Nell’intreccio, in cui si rivengono piani narrativi e registri linguistici differenti, alle trame spietate ordite dalla mafia si contrappone l’operato silenzioso del prete dalle orecchie e scarpe grosse. È l’uomo che vuole continuamente mostrare ciò che inferno non è ai suoi bambini, assuefatti come sono dalle logiche del male. È il sacerdote che dopo la costruzione del centro Padre Nostro, si batte per aprire una scuola, luogo per sottrarre i più piccoli alla miseria e all’ignoranza. È il martire che si è speso per catturare guizzi di felicità in scenari desolati come «fili d’erba che squarciano il cemento».
Palermo, la tutta-porto per i greci, accoglie questa storia, immettendosi nel racconto come indiscussa protagonista: «Città di luce e di lutto, di paradiso in una via e inferno girato l’angolo». Si impone con la sua contraddizione determinando tutti i personaggi.
Una sfida per l’oggi
D’Avenia, classe 1977, attinge alla cronaca senza sfociare nel cliché del romanzo antimafia. Anzi. Il suo è un racconto di formazione, dove dalla crescita dei suoi personaggi sa coglierne l’universalità. Federico è uno dei tanti – o forse pochi – ragazzi che si impegnano a portare la luce del Vangelo dove il buio predomina. Tanti coetanei preferiscono la posizione più comoda dei compagni di classe del protagonista. Come Gianni e gli altri, che si sottraggono all’invito a dare una mano a Brancaccio con una “litania dei luoghi comuni”.
Come si fa ad accendere la passione e il desiderio di spendersi per gli altri nei ragazzi? L’autore risponde con decisione: «Con l’esempio. 3P (padre Pino Puglisi, ndr) lo faceva facendo bene il proprio lavoro di insegnante e di sacerdote. La passione si accende solo quando l’altro desidera qualcosa che tu mostri di avere. Se parlo con entusiasmo di un libro i miei alunni lo leggono, se lo do come compito di lettura con scadenza e verifica, fingeranno di leggerlo e scaricheranno la sintesi da internet. È così per tutto. Non occorre comandare, ma testimoniare».

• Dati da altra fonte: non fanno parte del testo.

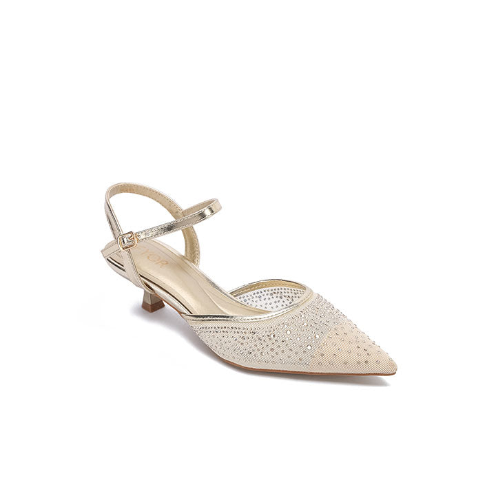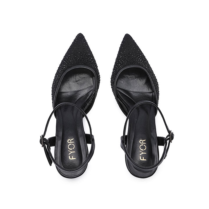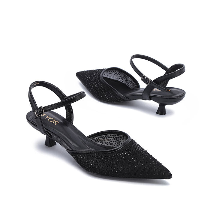 USP: Crystal-embellished pointed-Toe Design evening pump with a slim ankle strap and refined low kitten heel.

Una distanza geografica piccolissima ma culturalmente infinita separa il cuore di Palermo da Brancaccio. Come in tante altre città, il prof. D’Avenia spiega come ricongiungere questi spazi: «Smettendola di tenere gli occhi chiusi. Tutti amano la famosa frase del Piccolo Principe: “L’essenziale è invisibile agli occhi”. Senz’altro è vera, ma ritengo sia altrettanto vero che l’essenziale è visibile agli occhi, basta non volgerli dall’altra parte. L’altro giorno pioveva a dirotto, tutti torvi e di fretta. Ho visto una signora anziana che si chinava su una mendicante seduta per terra e le offriva della frutta che aveva appena comprato. Quella signora aveva occhi. Noi altri no. Solo amando si accorciano le distanze».
Quella lezione sull’amore che aveva ascoltato da alunno, ora la insegna come maestro. Non solo ai suoi liceali. I suoi romanzi diventano una cattedra ideale da cui educare i lettori, le pagine dei libri insegnamenti di cui i suoi allievi di tutte le età hanno davvero bisogno.
3P, Padre Pino Puglisi: cenni biografici del primo martire di mafia
Don Giuseppe Puglisi nasce nella borgata palermitana di Brancaccio, il 15 settembre 1937. È ordinato presbitero il 2 luglio del 1960. Dopo aver svolto il ministero pastorale in diverse comunità e aver seguito numerosi movimenti – tra cui Presenza del Vangelo, Azione cattolica, Fuci – è nominato parroco di San Gaetano, a Brancaccio, il 29 settembre 1990. Tre anni dopo inaugura in centro “Padre Nostro”, punto di riferimento per i giovani e le famiglie del quartiere. Collabora con i laici dell’Associazione Intercondominiale per rivendicare i diritti civili della borgata, denunciando collusioni e malaffari. Viene ucciso sotto casa, il giorno del suo cinquantaseiesimo compleanno. Il 25 maggio 2013 don Pino Puglisi è beatificato al “Foro Italico Umberto I” di Palermo. È il primo martire di mafia.